▸ **WHAT YOU SHOULD DO**: Write back every entry exactly as it reads, with the pictures left behind.

[Data records]
============================================================
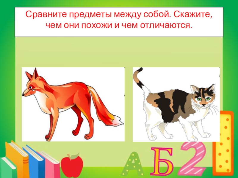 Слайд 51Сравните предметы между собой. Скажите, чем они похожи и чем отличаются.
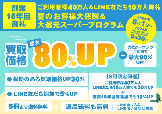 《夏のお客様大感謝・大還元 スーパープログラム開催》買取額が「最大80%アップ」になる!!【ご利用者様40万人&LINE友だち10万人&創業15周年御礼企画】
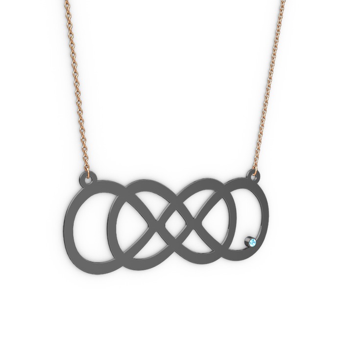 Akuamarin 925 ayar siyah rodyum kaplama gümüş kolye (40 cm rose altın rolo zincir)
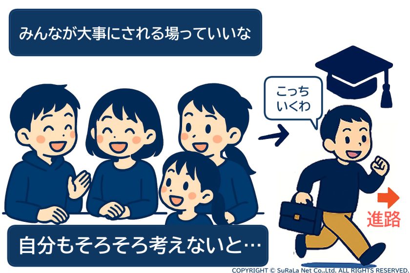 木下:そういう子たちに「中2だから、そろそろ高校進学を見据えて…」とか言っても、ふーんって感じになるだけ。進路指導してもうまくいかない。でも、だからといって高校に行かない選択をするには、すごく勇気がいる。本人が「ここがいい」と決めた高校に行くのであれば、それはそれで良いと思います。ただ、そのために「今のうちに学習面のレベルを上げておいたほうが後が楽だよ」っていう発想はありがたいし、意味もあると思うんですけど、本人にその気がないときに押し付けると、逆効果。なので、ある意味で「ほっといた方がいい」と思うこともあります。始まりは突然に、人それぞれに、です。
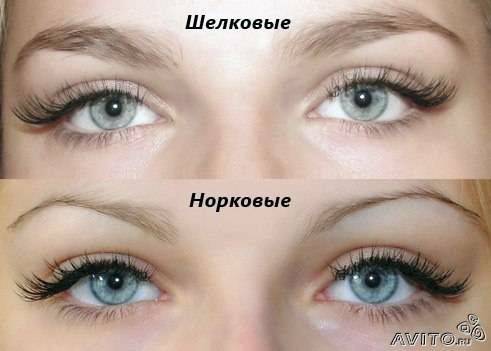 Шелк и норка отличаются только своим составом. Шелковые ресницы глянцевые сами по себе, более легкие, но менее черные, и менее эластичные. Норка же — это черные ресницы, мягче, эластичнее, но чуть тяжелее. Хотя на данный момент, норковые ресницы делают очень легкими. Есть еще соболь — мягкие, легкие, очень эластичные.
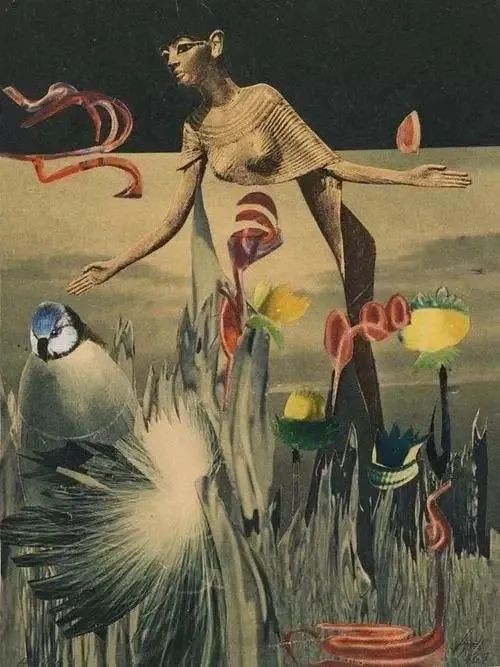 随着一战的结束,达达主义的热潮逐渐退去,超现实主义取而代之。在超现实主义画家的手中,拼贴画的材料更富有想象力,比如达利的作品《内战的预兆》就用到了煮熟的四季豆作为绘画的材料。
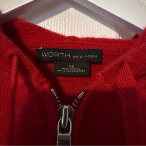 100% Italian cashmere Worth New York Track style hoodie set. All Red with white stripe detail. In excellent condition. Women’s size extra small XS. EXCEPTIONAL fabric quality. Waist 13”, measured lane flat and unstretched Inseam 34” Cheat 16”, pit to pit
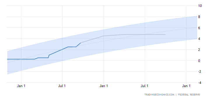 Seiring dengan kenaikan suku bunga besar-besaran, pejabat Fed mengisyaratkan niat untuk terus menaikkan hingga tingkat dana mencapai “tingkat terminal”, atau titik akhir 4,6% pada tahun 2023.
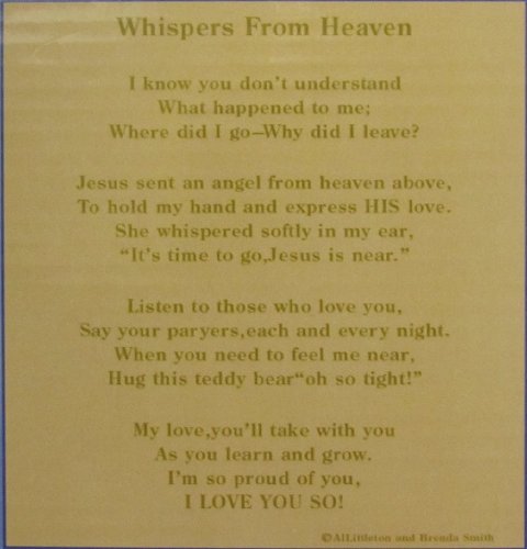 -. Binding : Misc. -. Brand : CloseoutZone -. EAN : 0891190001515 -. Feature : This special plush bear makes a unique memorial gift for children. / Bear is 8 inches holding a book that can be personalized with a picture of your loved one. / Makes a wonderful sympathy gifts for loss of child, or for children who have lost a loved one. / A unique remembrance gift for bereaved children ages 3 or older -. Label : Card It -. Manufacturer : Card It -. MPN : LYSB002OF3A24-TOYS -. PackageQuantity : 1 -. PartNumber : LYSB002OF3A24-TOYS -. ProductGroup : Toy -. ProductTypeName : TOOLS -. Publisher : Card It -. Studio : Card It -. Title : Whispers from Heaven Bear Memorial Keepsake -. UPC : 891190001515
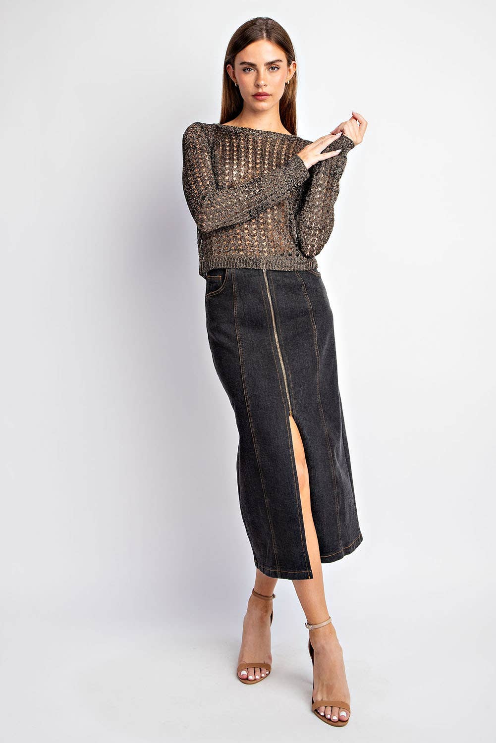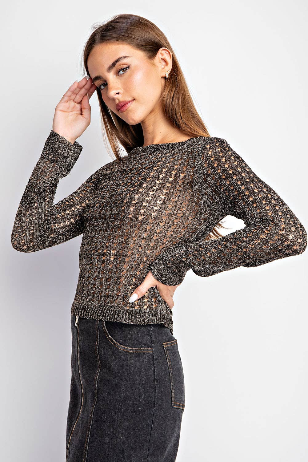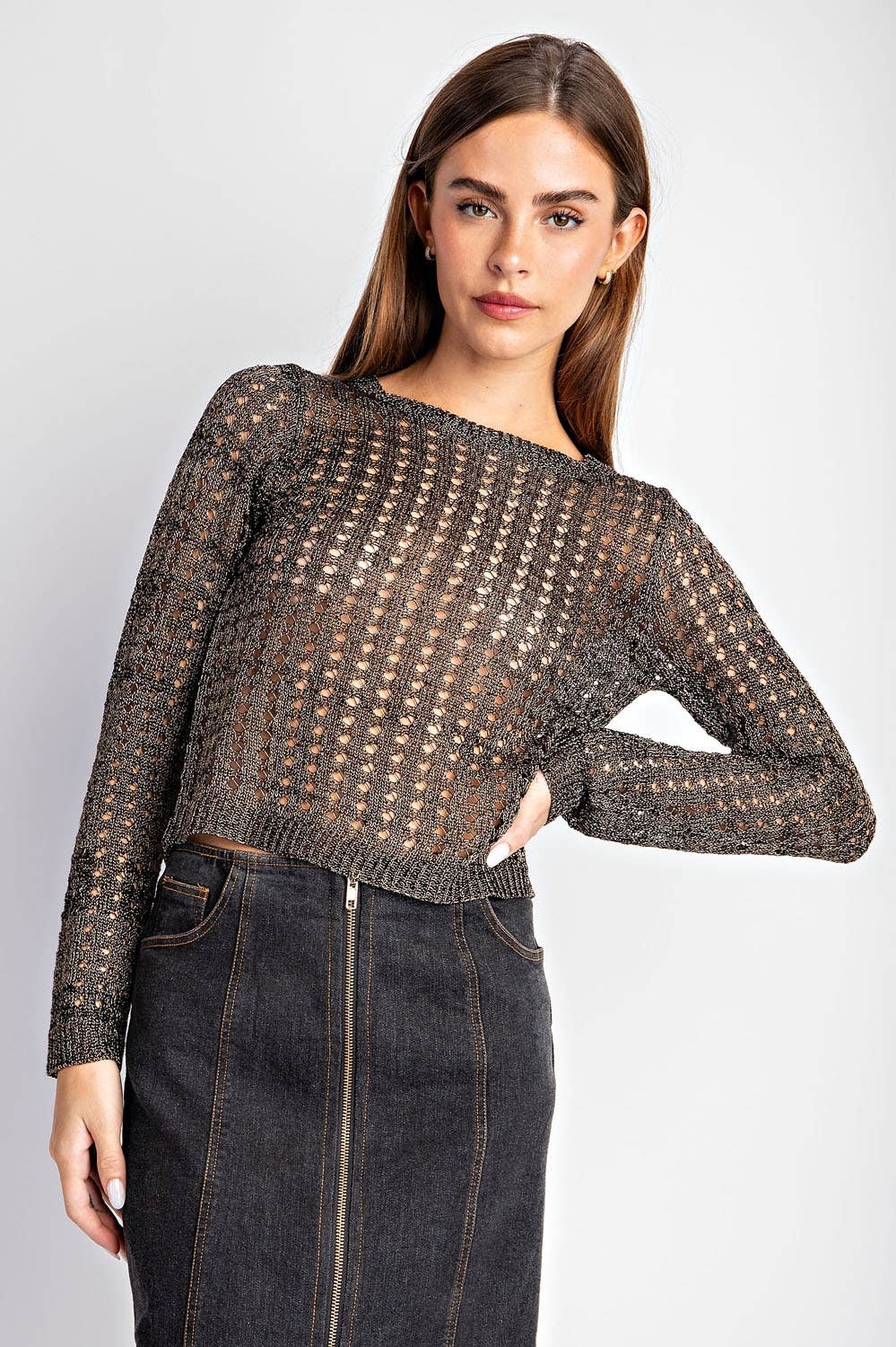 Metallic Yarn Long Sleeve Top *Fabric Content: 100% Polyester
============================================================
▸ **SOLUTION TO THE PROBLEM**:
 Слайд 51Сравните предметы между собой. Скажите, чем они похожи и чем отличаются.
 《夏のお客様大感謝・大還元 スーパープログラム開催》買取額が「最大80%アップ」になる!!【ご利用者様40万人&LINE友だち10万人&創業15周年御礼企画】
 Akuamarin 925 ayar siyah rodyum kaplama gümüş kolye (40 cm rose altın rolo zincir)
 木下:そういう子たちに「中2だから、そろそろ高校進学を見据えて…」とか言っても、ふーんって感じになるだけ。進路指導してもうまくいかない。でも、だからといって高校に行かない選択をするには、すごく勇気がいる。本人が「ここがいい」と決めた高校に行くのであれば、それはそれで良いと思います。ただ、そのために「今のうちに学習面のレベルを上げておいたほうが後が楽だよ」っていう発想はありがたいし、意味もあると思うんですけど、本人にその気がないときに押し付けると、逆効果。なので、ある意味で「ほっといた方がいい」と思うこともあります。始まりは突然に、人それぞれに、です。
 Шелк и норка отличаются только своим составом. Шелковые ресницы глянцевые сами по себе, более легкие, но менее черные, и менее эластичные. Норка же — это черные ресницы, мягче, эластичнее, но чуть тяжелее. Хотя на данный момент, норковые ресницы делают очень легкими. Есть еще соболь — мягкие, легкие, очень эластичные.
 随着一战的结束,达达主义的热潮逐渐退去,超现实主义取而代之。在超现实主义画家的手中,拼贴画的材料更富有想象力,比如达利的作品《内战的预兆》就用到了煮熟的四季豆作为绘画的材料。
 100% Italian cashmere Worth New York Track style hoodie set. All Red with white stripe detail. In excellent condition. Women’s size extra small XS. EXCEPTIONAL fabric quality. Waist 13”, measured lane flat and unstretched Inseam 34” Cheat 16”, pit to pit
 Seiring dengan kenaikan suku bunga besar-besaran, pejabat Fed mengisyaratkan niat untuk terus menaikkan hingga tingkat dana mencapai “tingkat terminal”, atau titik akhir 4,6% pada tahun 2023.
 -. Binding : Misc. -. Brand : CloseoutZone -. EAN : 0891190001515 -. Feature : This special plush bear makes a unique memorial gift for children. / Bear is 8 inches holding a book that can be personalized with a picture of your loved one. / Makes a wonderful sympathy gifts for loss of child, or for children who have lost a loved one. / A unique remembrance gift for bereaved children ages 3 or older -. Label : Card It -. Manufacturer : Card It -. MPN : LYSB002OF3A24-TOYS -. PackageQuantity : 1 -. PartNumber : LYSB002OF3A24-TOYS -. ProductGroup : Toy -. ProductTypeName : TOOLS -. Publisher : Card It -. Studio : Card It -. Title : Whispers from Heaven Bear Memorial Keepsake -. UPC : 891190001515
 Metallic Yarn Long Sleeve Top *Fabric Content: 100% Polyester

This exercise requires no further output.